Nachmittags geht es weiter nach Hirtshals, wo wir eine Nacht vor der Schranke eines ansonsten leeren Wohnmobilplatzes stehen, da sich die Schranke trotz Ticket nicht öffnet. Da wir aber trotzdem Strom bekommen sind wir zufrieden. Am nächsten Tag stellen wir fest, dass der Heißwasserschlauch abgerutscht und unseren Schrank unter Wasser gesetzt hat. Schnell wird der Schaden behoben und der Schlauch wieder befestigt. Es wird allerdings ein paar Tage dauern, alles wieder zu trocknen….

5.10.2015 abgerutschter Heißwasserschlauch
5.10.2015 abgerutschter Heißwasserschlauch

Danach besuchen wir das fantastische Oceaneum mit seinen tollen Aquarien und vielen Infos über die Nordsee. Spike muss im Auto warten und erträgt das geduldig. Mittags gehe ich für eine halbe Stunde mit ihm zum Toben auf die Wiese.

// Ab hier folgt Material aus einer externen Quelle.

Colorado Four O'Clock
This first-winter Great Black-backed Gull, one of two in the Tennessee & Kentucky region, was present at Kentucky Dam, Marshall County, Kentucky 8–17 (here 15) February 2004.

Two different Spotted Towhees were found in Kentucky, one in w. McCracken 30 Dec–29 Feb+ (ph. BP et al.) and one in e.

5.10.15 Die kleinen Haie und der bis zu 3 m groß werdende Mondfisch haben es uns am meisten angetan
5.10.15 Die kleinen Haie und der bis zu 3 m groß werdende Mondfisch haben es uns am meisten angetan
5.10.2015 Aber auch der Torge fressende Wal mache Freude
5.10.2015 Aber auch der Torge fressende Wal mache Freude

Wir verbringen eine weitere Nacht in Hirtshals um noch eine Fahrradtour zu machen – ja auch hier gibt es kostenlose Citybikes, etwa 20 Stück schätze ich. Trotz viel Wind und technischer Probleme bei Torges Rad (also wenn Rollo hier arbeiten würde, wäre das nicht passiert), radeln wir bis zum Leuchtturm und besuchen das Bunkermuseum.

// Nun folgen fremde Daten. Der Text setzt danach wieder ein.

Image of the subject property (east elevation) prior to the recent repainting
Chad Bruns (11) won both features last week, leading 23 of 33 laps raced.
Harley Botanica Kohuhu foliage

6.10.2015 Citybike Station ins Hirtshals
6.10.2015 Citybike Station ins Hirtshals
6.10.2015 Citybiketour zum Volkgarden in Hirtshals
6.10.2015 Citybiketour zum Volkgarden in Hirtshals
6.10.2015 Der Leuchtturm von Hirtshals
6.10.2015 Der Leuchtturm von Hirtshals
6.10.2015 Torge springt
6.10.2015 Torge springt

Nachmittags geht es weiter nach Uggerby am Uggerby A. Eigentlich wollen wir die nächsten 3 Tage mit einem Kanu auf diesem Flüsschen paddeln aber da macht uns das Wetter einen Strich durch die Rechnung. Es stürmt und gießt so doll, dass man kaum Spike vor die Tür schicken möchte – der mag den Wind auch überhaupt nicht. Stattdessen fahren wir weiter nach Skagen auf einen Campingplatz und nutzen den ganzen Tag das gute Internet.